* INFORMATION PROVIDED:
%%

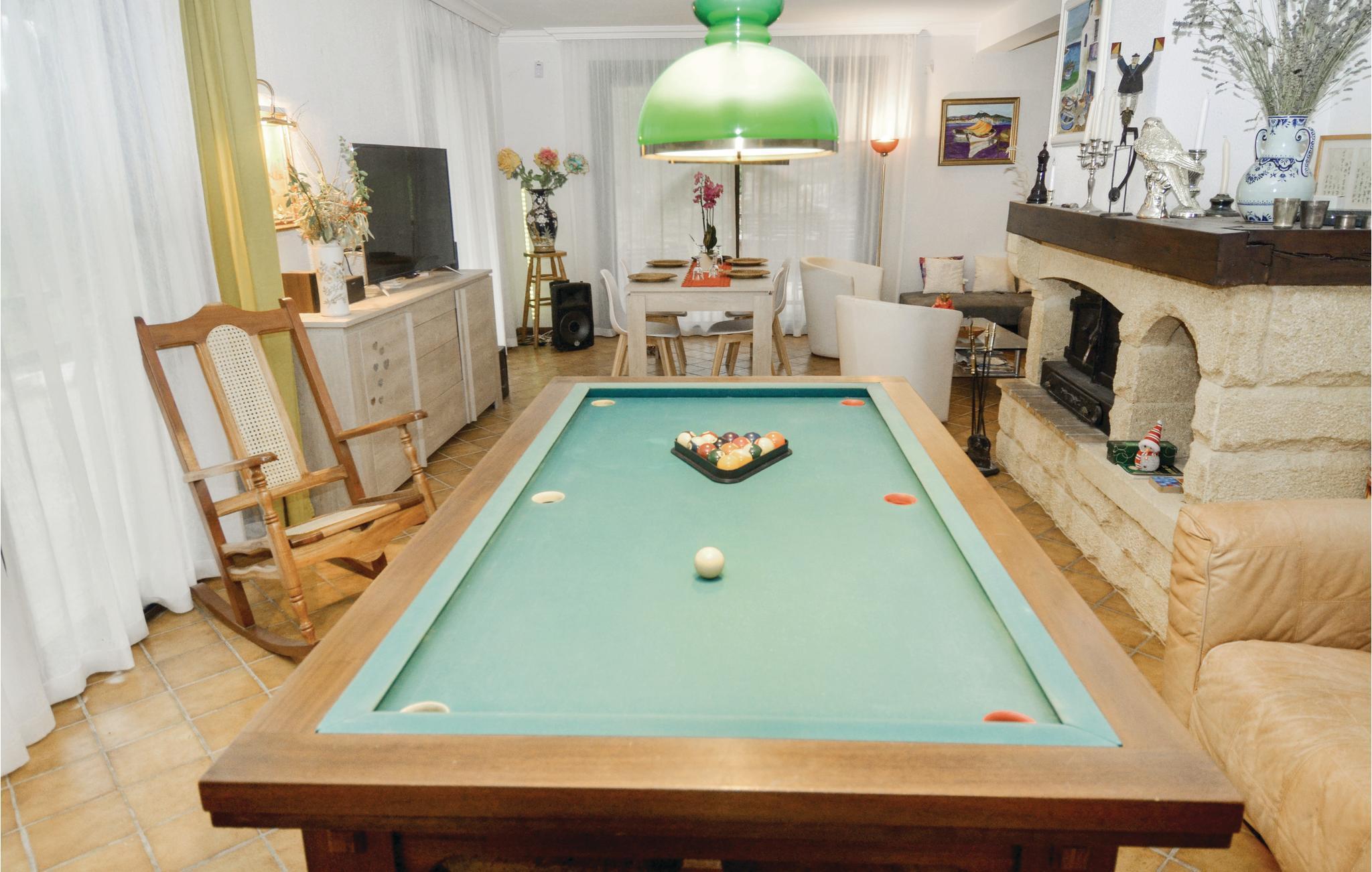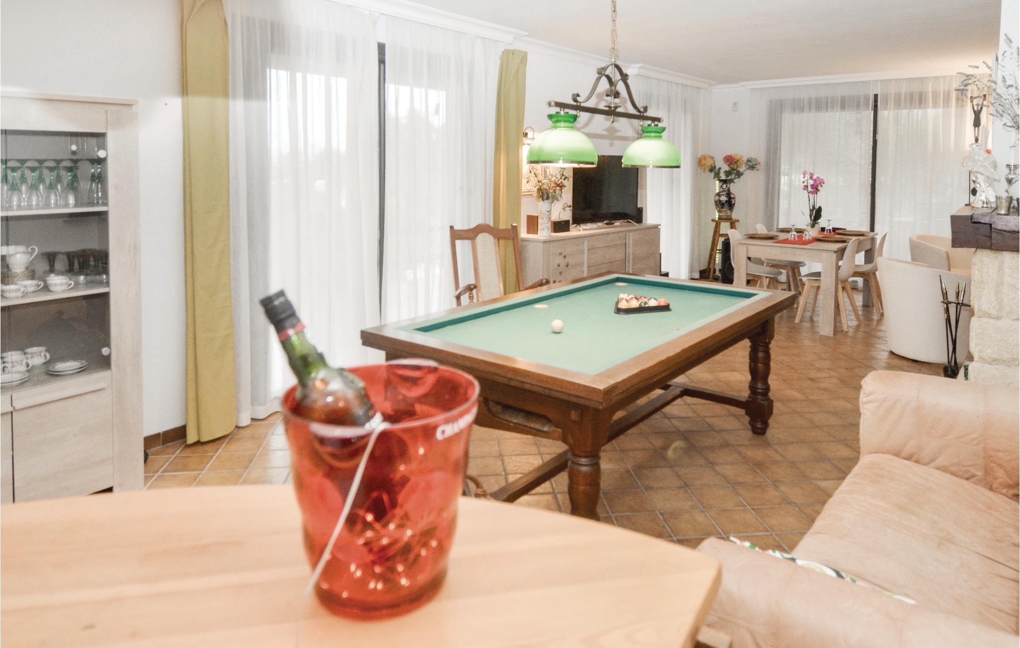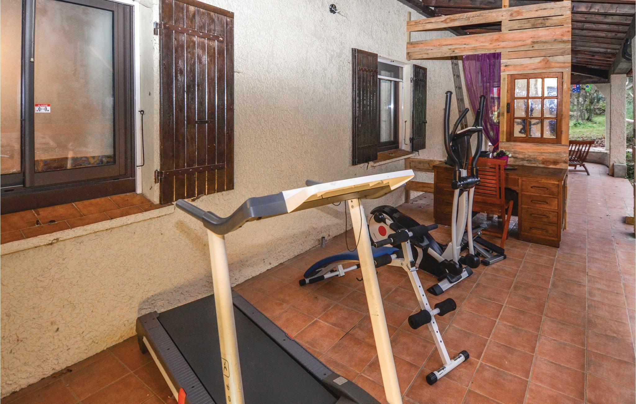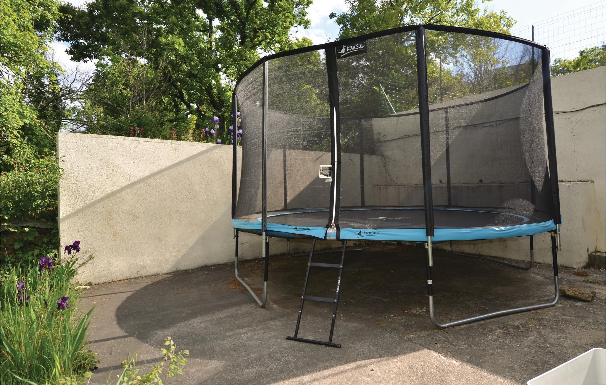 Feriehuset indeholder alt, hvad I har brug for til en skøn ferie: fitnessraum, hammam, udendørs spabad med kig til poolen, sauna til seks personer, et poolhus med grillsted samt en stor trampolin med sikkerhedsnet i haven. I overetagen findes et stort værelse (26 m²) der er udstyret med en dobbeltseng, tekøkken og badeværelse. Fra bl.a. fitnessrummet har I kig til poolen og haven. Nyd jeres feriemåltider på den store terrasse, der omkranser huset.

%%
%%

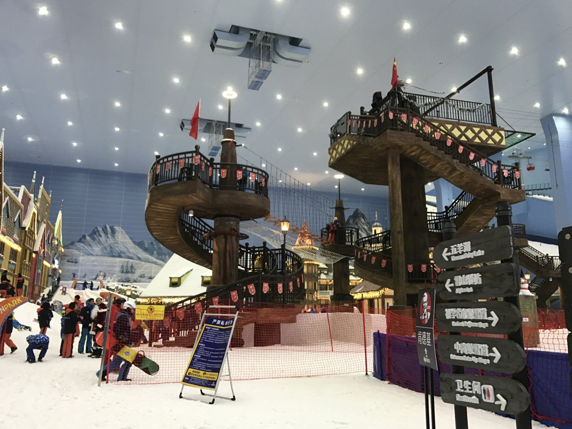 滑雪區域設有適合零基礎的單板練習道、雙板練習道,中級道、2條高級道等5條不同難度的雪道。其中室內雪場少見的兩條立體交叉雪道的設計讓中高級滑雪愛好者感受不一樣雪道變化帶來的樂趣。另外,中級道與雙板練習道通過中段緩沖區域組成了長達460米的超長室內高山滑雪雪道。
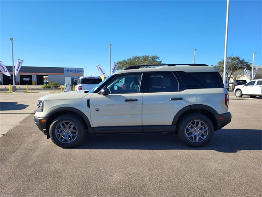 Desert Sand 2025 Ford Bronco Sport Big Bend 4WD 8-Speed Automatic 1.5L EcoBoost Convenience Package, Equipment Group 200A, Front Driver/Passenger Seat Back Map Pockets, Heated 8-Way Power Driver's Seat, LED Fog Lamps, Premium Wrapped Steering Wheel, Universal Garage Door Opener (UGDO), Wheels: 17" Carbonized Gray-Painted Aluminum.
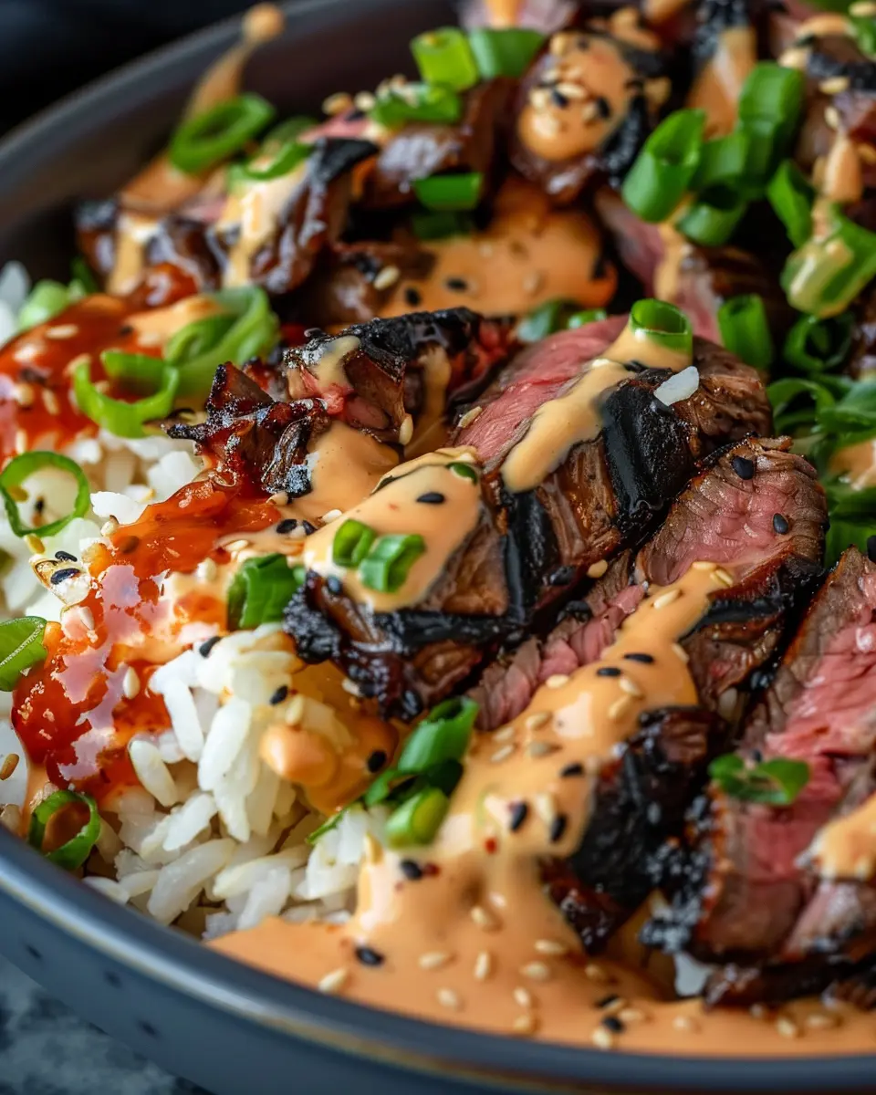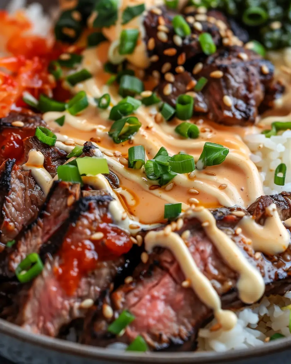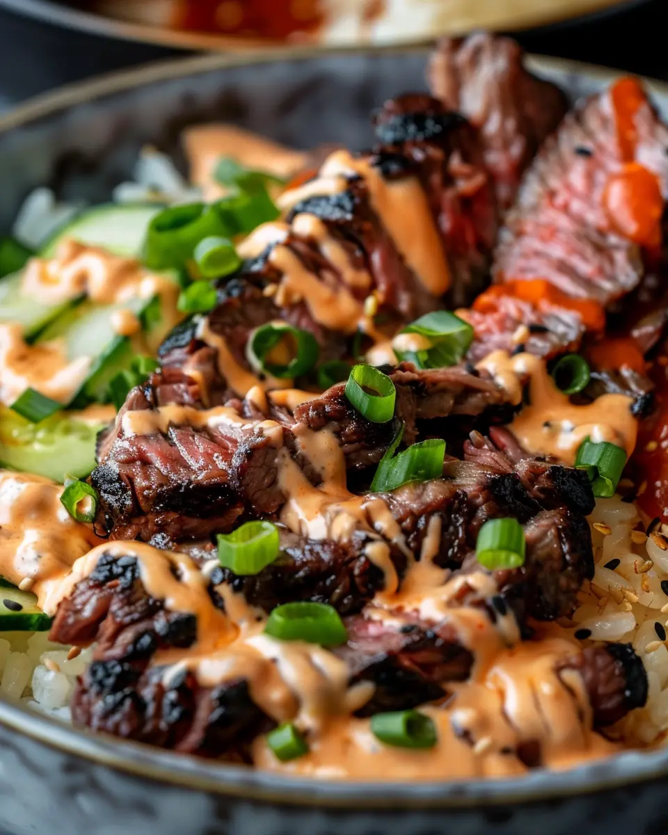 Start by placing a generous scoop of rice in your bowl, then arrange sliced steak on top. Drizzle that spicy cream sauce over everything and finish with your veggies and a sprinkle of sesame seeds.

%%

* TASK BRIEF:
Give back, exactly and without pictures, the stretch of the records above from the line containing "滑雪區域設有適合零基礎的單板" through the line containing "Start by placing", with both end lines included.

* SOLUTION FOR THIS TASK:
 滑雪區域設有適合零基礎的單板練習道、雙板練習道,中級道、2條高級道等5條不同難度的雪道。其中室內雪場少見的兩條立體交叉雪道的設計讓中高級滑雪愛好者感受不一樣雪道變化帶來的樂趣。另外,中級道與雙板練習道通過中段緩沖區域組成了長達460米的超長室內高山滑雪雪道。
 Desert Sand 2025 Ford Bronco Sport Big Bend 4WD 8-Speed Automatic 1.5L EcoBoost Convenience Package, Equipment Group 200A, Front Driver/Passenger Seat Back Map Pockets, Heated 8-Way Power Driver's Seat, LED Fog Lamps, Premium Wrapped Steering Wheel, Universal Garage Door Opener (UGDO), Wheels: 17" Carbonized Gray-Painted Aluminum.
 Start by placing a generous scoop of rice in your bowl, then arrange sliced steak on top. Drizzle that spicy cream sauce over everything and finish with your veggies and a sprinkle of sesame seeds.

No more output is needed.